Work instruction:
From the records below, output exactly the lines running from the line containing "Los reyes de" through the line containing "תמונה 18, מאירה", and no others.

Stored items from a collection
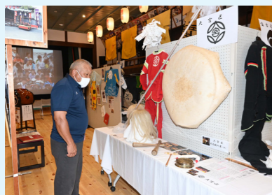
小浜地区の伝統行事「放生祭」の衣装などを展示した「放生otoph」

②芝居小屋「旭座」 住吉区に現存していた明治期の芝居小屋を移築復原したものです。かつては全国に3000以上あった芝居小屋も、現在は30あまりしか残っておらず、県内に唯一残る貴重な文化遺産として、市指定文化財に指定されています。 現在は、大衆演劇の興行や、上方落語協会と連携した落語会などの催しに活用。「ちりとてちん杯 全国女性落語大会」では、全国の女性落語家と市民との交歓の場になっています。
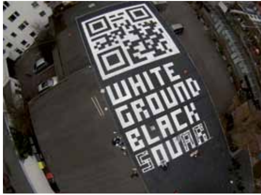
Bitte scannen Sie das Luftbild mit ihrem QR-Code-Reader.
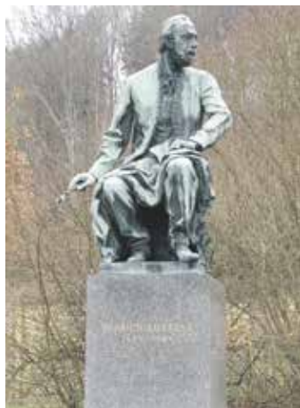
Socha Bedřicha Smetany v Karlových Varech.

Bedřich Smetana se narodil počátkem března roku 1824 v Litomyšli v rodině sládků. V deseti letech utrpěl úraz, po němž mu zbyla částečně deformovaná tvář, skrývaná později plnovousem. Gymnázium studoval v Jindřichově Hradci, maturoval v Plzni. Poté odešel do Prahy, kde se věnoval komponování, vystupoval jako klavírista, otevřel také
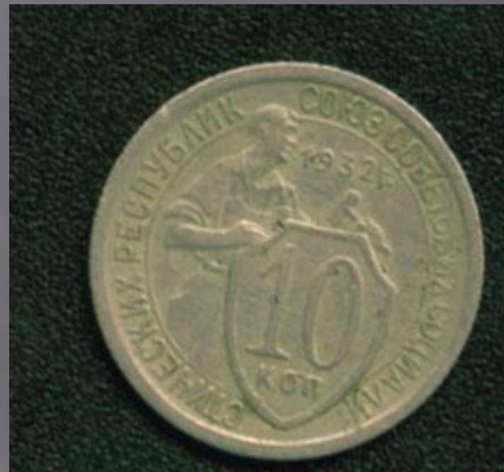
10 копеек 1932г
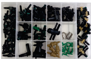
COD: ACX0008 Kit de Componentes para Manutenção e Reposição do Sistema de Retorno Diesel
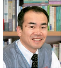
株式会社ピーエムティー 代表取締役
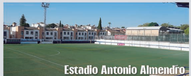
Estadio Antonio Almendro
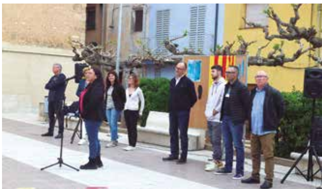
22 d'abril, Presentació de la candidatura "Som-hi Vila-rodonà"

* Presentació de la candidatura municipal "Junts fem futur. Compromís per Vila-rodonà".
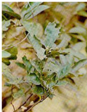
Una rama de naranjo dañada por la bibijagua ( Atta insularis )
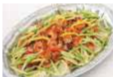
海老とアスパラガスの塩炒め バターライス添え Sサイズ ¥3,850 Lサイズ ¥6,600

...

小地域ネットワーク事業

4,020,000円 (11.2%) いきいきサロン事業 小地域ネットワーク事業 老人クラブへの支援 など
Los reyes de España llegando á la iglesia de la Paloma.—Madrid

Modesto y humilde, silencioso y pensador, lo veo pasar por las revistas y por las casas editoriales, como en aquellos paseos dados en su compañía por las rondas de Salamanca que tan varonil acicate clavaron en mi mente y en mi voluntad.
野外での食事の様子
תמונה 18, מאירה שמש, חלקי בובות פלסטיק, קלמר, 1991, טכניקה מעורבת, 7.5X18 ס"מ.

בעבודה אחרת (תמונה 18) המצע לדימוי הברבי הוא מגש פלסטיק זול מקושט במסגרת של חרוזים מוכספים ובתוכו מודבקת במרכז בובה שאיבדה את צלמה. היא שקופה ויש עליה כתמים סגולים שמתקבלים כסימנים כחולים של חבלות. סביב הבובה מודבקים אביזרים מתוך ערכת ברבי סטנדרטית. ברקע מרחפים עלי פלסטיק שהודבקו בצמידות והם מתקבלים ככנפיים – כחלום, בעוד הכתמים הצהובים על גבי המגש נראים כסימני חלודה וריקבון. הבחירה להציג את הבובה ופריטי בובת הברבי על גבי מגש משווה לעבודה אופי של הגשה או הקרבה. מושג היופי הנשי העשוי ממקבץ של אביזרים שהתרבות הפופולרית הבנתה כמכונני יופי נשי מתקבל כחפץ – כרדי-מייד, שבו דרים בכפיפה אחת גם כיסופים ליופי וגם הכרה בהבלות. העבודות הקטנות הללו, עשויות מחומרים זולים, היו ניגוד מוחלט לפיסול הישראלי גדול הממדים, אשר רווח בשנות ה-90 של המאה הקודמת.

Answer to the problem:
Los reyes de España llegando á la iglesia de la Paloma.—Madrid

Modesto y humilde, silencioso y pensador, lo veo pasar por las revistas y por las casas editoriales, como en aquellos paseos dados en su compañía por las rondas de Salamanca que tan varonil acicate clavaron en mi mente y en mi voluntad.
野外での食事の様子
תמונה 18, מאירה שמש, חלקי בובות פלסטיק, קלמר, 1991, טכניקה מעורבת, 7.5X18 ס"מ.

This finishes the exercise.